**What is required**
Excluding pictures, what does the listing below contain from the line with "太さは並太で、糸の撚りが甘く" up to and including the line with "Bust:100cm/39.37'' | Length:128cm/50.39'' |", word for word?

**Data for review**
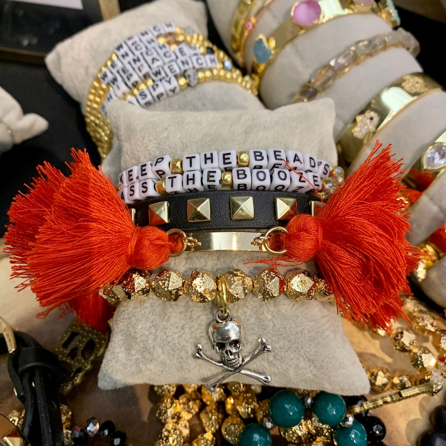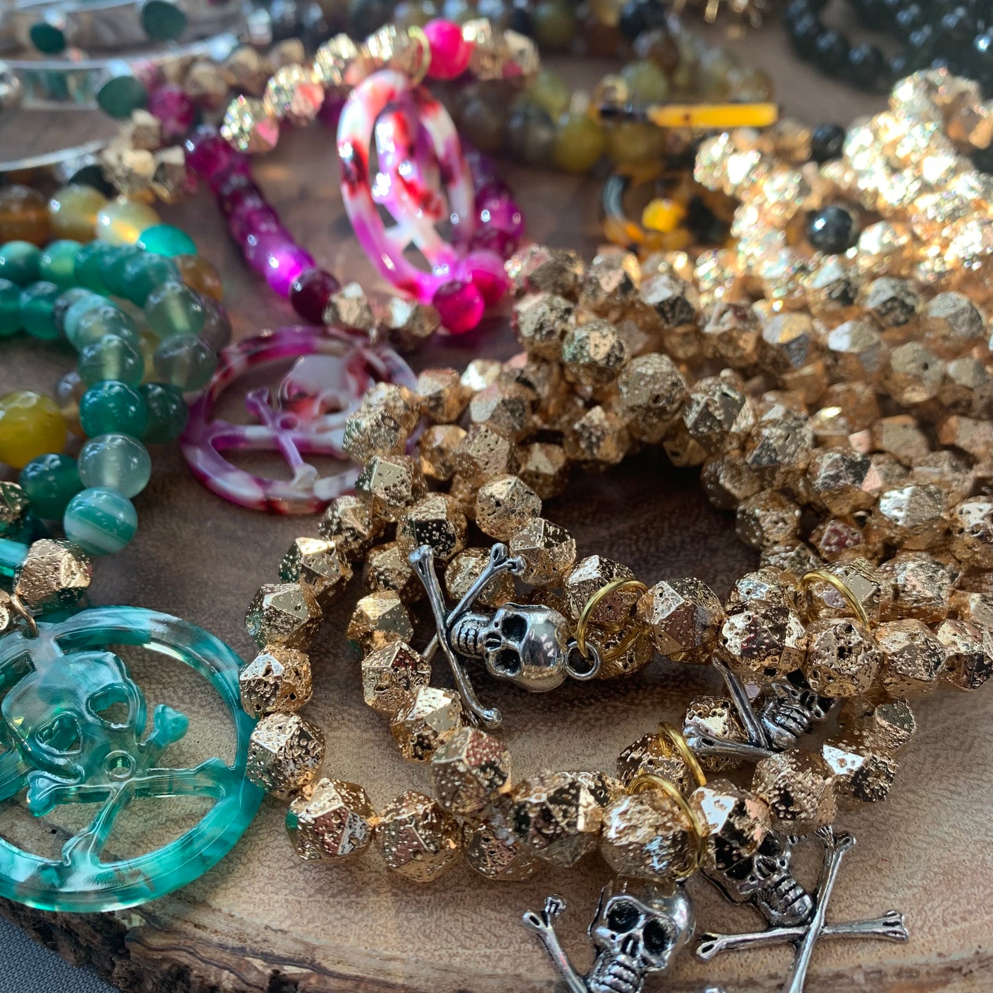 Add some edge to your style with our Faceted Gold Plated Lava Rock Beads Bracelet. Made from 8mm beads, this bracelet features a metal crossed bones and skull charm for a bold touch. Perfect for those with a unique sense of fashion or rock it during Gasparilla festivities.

...

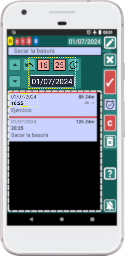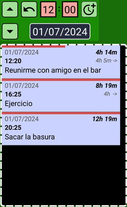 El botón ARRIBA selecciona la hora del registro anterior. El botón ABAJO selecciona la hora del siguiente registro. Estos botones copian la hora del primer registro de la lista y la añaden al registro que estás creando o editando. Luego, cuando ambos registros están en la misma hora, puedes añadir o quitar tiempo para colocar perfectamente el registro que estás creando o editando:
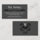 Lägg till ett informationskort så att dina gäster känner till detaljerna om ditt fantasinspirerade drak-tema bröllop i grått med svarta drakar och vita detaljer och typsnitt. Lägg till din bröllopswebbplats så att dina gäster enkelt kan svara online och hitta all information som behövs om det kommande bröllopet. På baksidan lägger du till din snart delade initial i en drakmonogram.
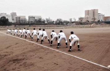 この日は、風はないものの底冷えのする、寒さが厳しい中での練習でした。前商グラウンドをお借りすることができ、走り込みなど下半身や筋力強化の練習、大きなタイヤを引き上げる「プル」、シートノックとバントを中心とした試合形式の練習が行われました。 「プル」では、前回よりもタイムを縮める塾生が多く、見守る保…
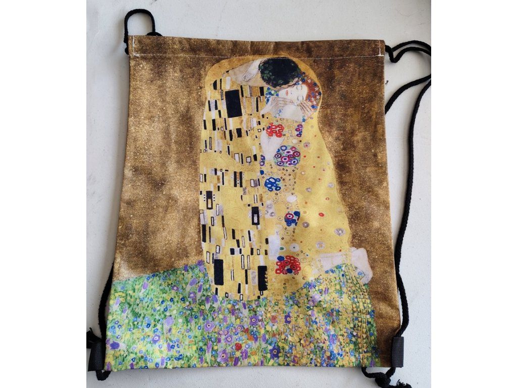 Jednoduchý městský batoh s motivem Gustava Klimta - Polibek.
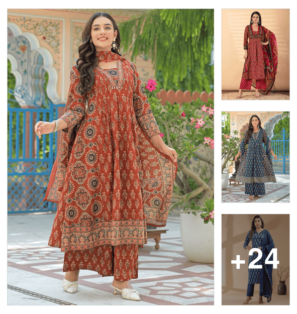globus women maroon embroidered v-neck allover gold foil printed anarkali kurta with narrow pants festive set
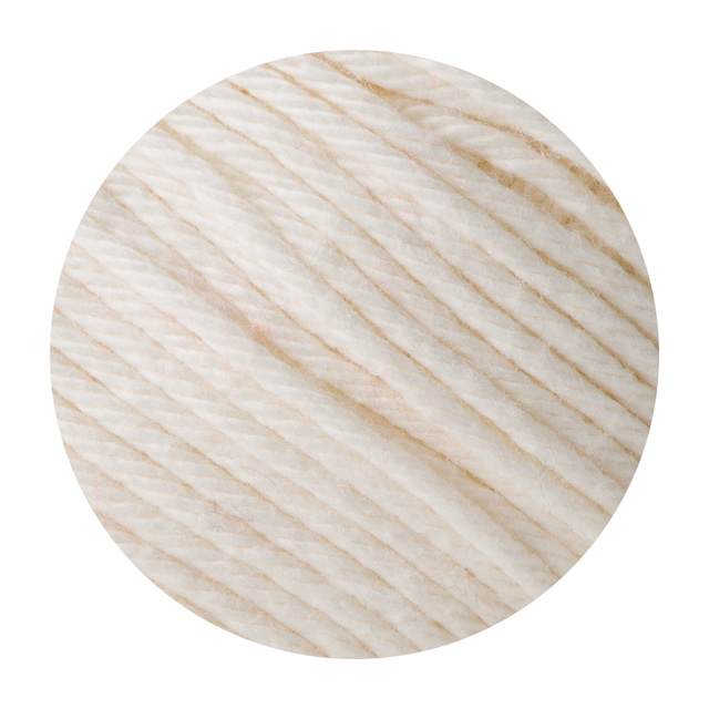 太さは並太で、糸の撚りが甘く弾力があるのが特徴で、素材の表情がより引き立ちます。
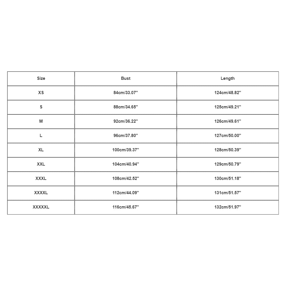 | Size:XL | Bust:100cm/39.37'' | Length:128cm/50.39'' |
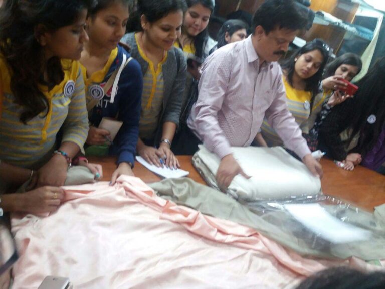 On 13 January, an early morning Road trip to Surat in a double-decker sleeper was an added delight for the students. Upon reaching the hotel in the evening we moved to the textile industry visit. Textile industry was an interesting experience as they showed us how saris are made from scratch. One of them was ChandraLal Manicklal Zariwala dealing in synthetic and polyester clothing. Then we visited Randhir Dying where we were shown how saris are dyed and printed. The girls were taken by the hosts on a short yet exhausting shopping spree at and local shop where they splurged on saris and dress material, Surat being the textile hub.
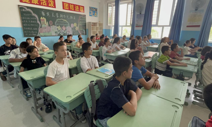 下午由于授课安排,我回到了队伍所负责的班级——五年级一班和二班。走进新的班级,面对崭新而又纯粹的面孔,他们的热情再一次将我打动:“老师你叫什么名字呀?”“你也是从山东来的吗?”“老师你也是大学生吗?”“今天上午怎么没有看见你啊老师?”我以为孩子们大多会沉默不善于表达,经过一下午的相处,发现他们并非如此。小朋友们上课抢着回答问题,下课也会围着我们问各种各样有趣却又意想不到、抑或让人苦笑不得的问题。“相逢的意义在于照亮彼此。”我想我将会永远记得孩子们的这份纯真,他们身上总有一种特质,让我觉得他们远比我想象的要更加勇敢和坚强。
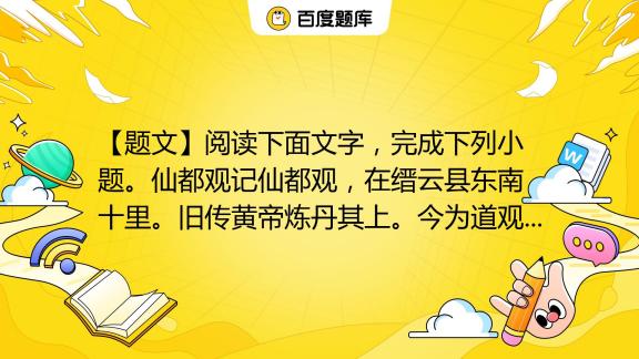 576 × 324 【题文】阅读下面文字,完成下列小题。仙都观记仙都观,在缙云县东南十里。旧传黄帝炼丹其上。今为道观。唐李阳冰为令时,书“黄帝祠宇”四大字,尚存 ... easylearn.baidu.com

==

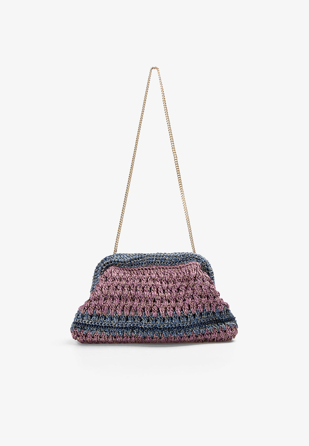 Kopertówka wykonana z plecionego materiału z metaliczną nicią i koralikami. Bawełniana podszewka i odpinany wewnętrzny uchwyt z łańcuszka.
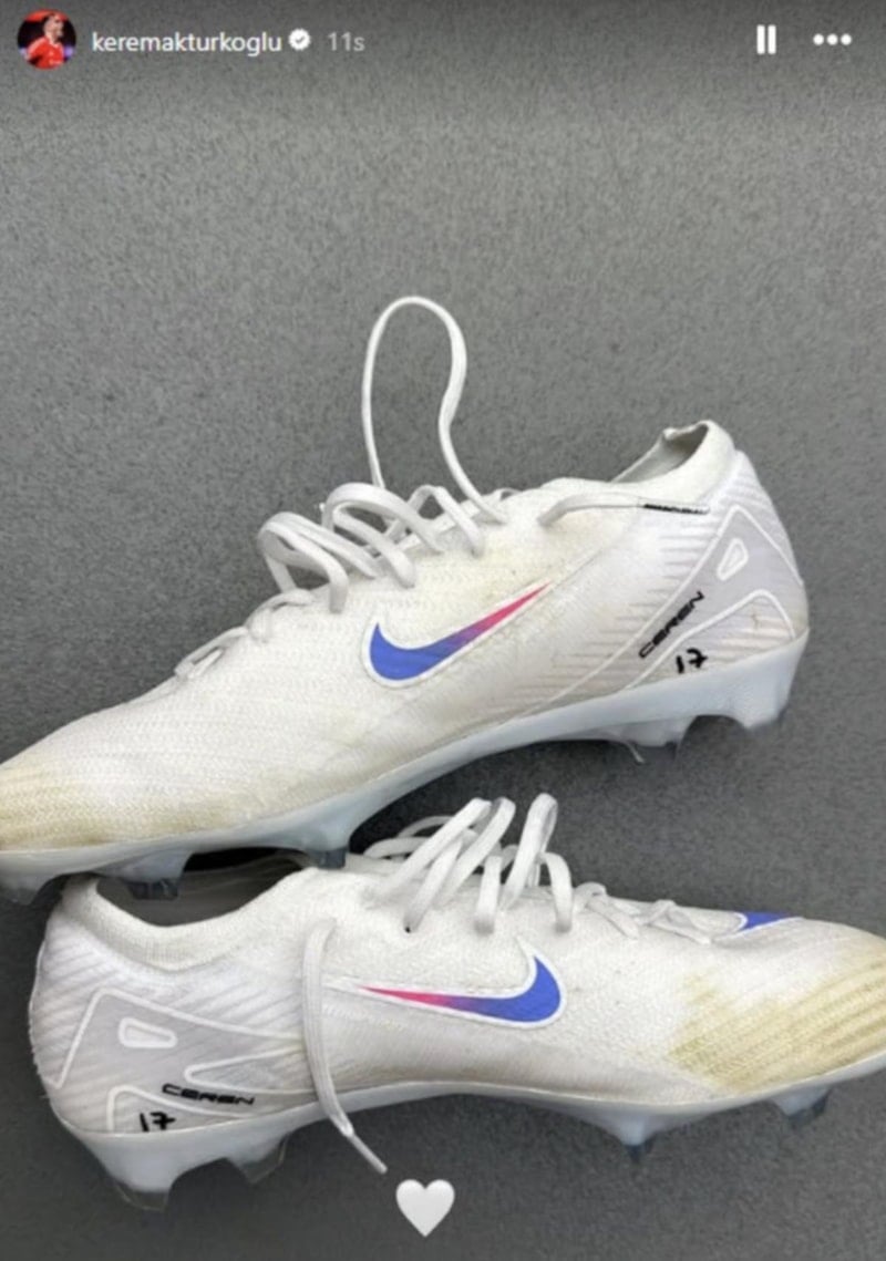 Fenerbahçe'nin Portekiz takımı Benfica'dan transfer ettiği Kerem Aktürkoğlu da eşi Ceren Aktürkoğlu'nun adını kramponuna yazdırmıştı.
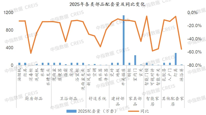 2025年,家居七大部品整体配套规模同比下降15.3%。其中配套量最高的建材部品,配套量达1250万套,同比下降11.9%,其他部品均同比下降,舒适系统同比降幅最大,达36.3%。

**Answer to the exercise**
 太さは並太で、糸の撚りが甘く弾力があるのが特徴で、素材の表情がより引き立ちます。
 | Size:XL | Bust:100cm/39.37'' | Length:128cm/50.39'' |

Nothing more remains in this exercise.